RUSS HENDERSON Staff Reporter
Mobile Register (Alabama)

Dauphin Island, Bayou La Batre - It was a good day for incumbents Tuesday, as four runoffs that were delayed last month by Hurricane Ivan were held in Bayou La Batre and Dauphin Island.

Bayou residents re-elected Mayor Stan Wright and, in the only south Mobile County race in which an incumbent was not returned to his seat, placed their first-ever Asian-American on the City Council, Phuong Tan Huynh.

More than 200 people, many in bright campaign shirts, milled around the parking lot of the Charles Haynes Masonic Lodge as the votes were being counted inside after the polls closed Tuesday evening. Dozens of people crushed in as a tiny ribbon of paper bearing the first box's numbers was taped to the door.

After several more minutes of anxious chattering and waiting, poll watcher Sylvia Raley suddenly burst through the door.

"The absentees won't make any difference! Stanley won!" she shouted, and dozens of people in the crowd erupted with cheers.

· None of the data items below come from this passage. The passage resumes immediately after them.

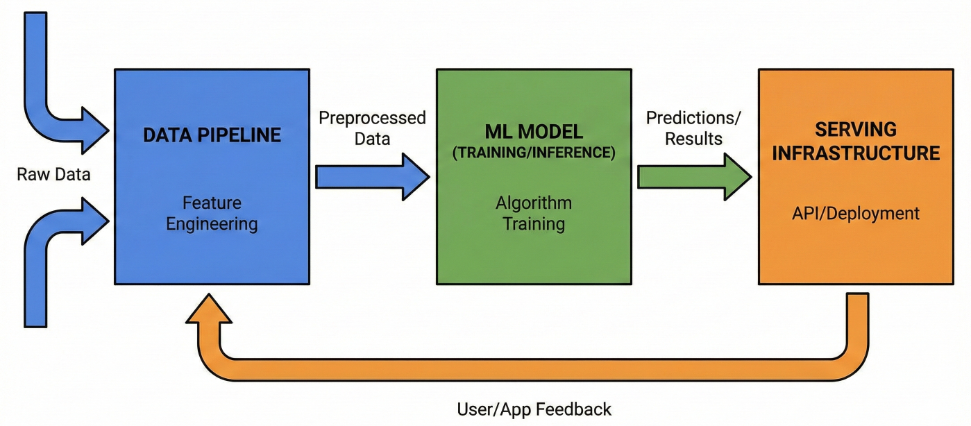 Diagram showing the three components of ML applications with their interconnections and data flow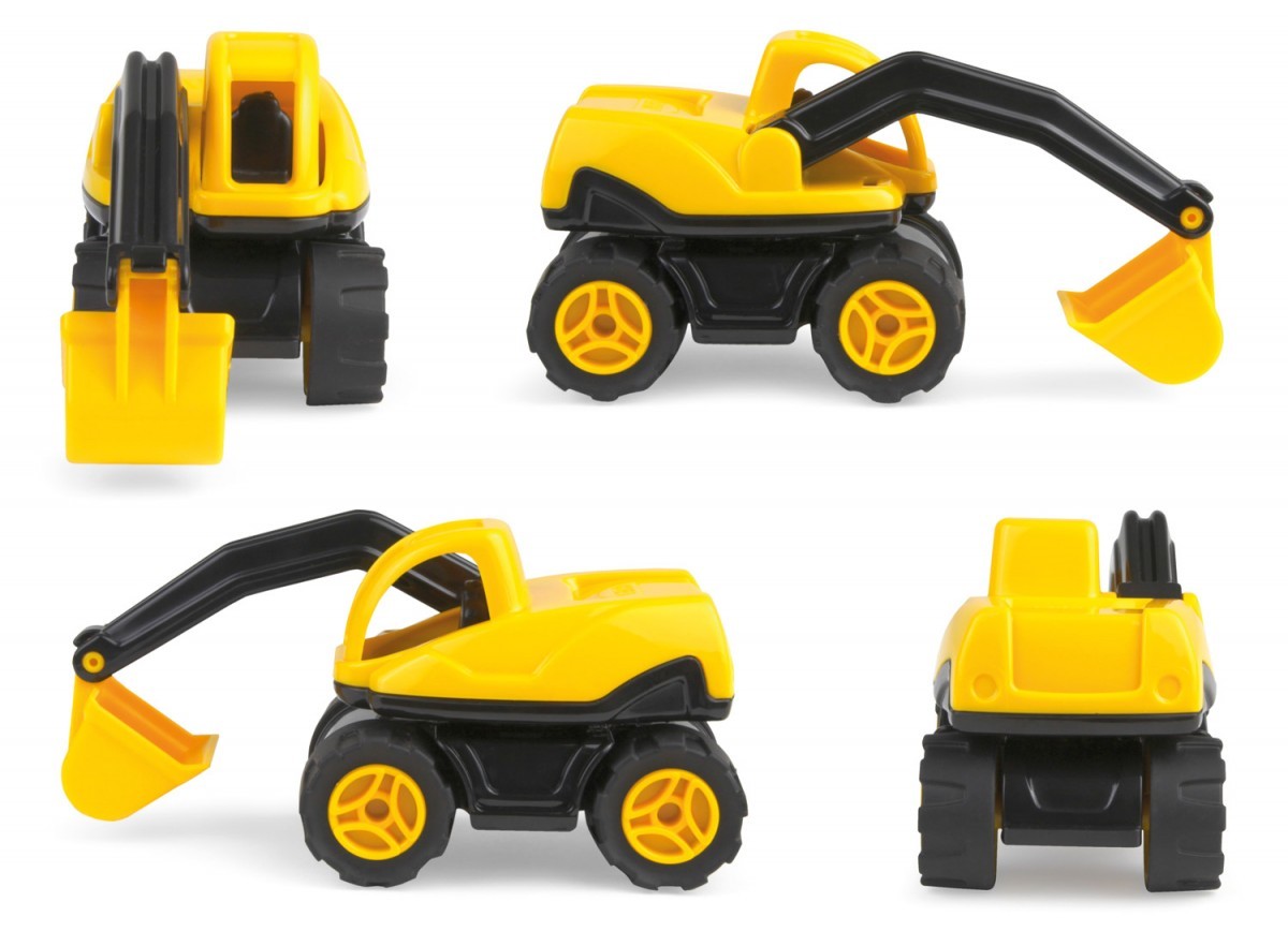 Koparka wykonana z wytrzymałego tworzywa ABS z wysokiej jakości gumowanymi kołami. Osie ze stali ocynkowanej 4 mm.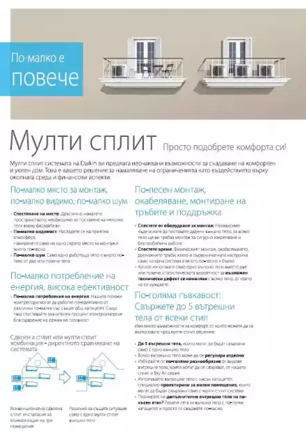 Мулти сплит системите на DAIKIN Ви предлагат решение как да подобрите комфорта си у дома и на работното място, с по-малко шум , с по-малко видими и с по-малко място за монтаж Външните тела. С МУЛТИ сплит се заема По-малко място за външното тяло, и имате Повече гъвкавост за вътрешните тела : може да вържете до 5 броя , различни по тип - стенни,таванни,подови - към 1 външно тяло . Дори до 12 вътрешни към едно , т.н. Super-Multi външно тяло термопомпа VRV серия S. Продуктите работят с хладилен агент R-32 , който намалява въздействието върху околната среда с 68%, в сравнение с R-410A и води директно до по-ниско потребление на енергия.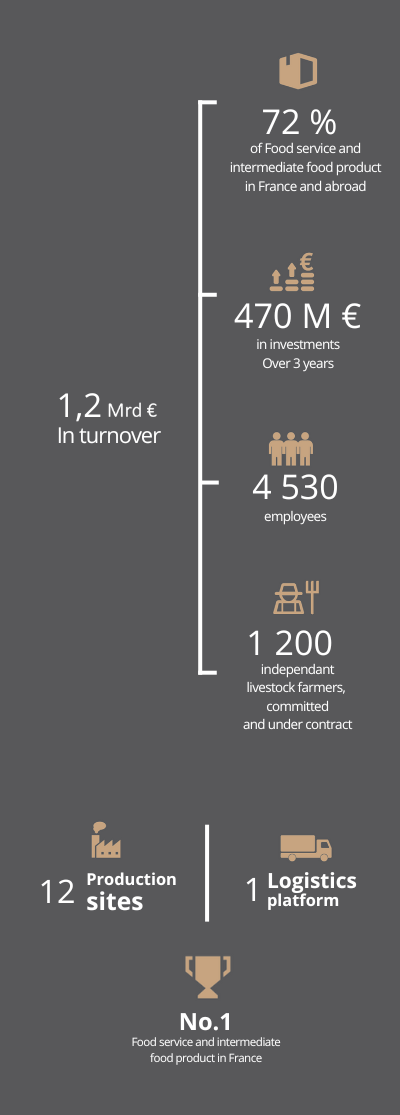 The LDC group, leader of french poultry in France, realised a turnover of 4,4 billion Euros and employs more than 22 700 people.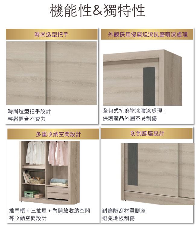 商品介紹 | 【綠家居】額爾 現代5尺推門衣櫃/收納櫃 白橡木紋色+現代簡約風格+安心材質製造,整體採用防蛀木心板+防刮耐磨腳座+五金滑軌結構等安心材質製造,外層採用優利坦全包式耐磨噴漆處理搭配開門櫃+吊衣桿+三抽屜(含多宮格收納抽屜)+內開放式收納等收納設計,全由專人配送到家,專業安心服務,替你省下更多時間! 【商品特色】 白橡木紋色+現代簡約風格+安心材質製造,使用放心+搭配居家更便利 採用防蛀木心板+防刮耐磨腳座+五金滑軌結構等安心材質製造 開門櫃+吊衣桿+三抽屜(含多宮格收納抽屜)+內開放式收納等收納設計 此商品不需要DIY組立,此商品為組立後之成品 品質保證、專業設計、貼心服務 全由專人配送到家,專業安心服務,替您省下更多時間 |

Wright and Huynh, who had been standing next to one another, smiled broadly and hugged one another with big pats on the back. Wright won by 93 votes. In the 2000 election, also against Seaman, he won by 80.

"This council has its work cut out for it," Wright said later. "Our sewer system is required to be in compliance with the state inside five years; Ivan forced us to condemn our community center, our Police Department building and our jail."

Huynh said he was glad the race was over and vowed to "do my best."

Huynh's sister, Linh Huynh Tran, said: "I think that we all know now that, if we work together as a community, everything will work."

The council race between Huynh and J.F. "Jackie" Ladnier had drawn the scrutiny of the U.S. Department of Justice.

A number of Asian-American voters said it was the presence of federal officials and a representative of the Mobile County district attorney's office that kept things relatively quiet Tuesday.

The August election had been marked by accusations of racism after Ladnier and his supporters challenged the votes of more than two dozen people at the polls, most of them Asian-Americans.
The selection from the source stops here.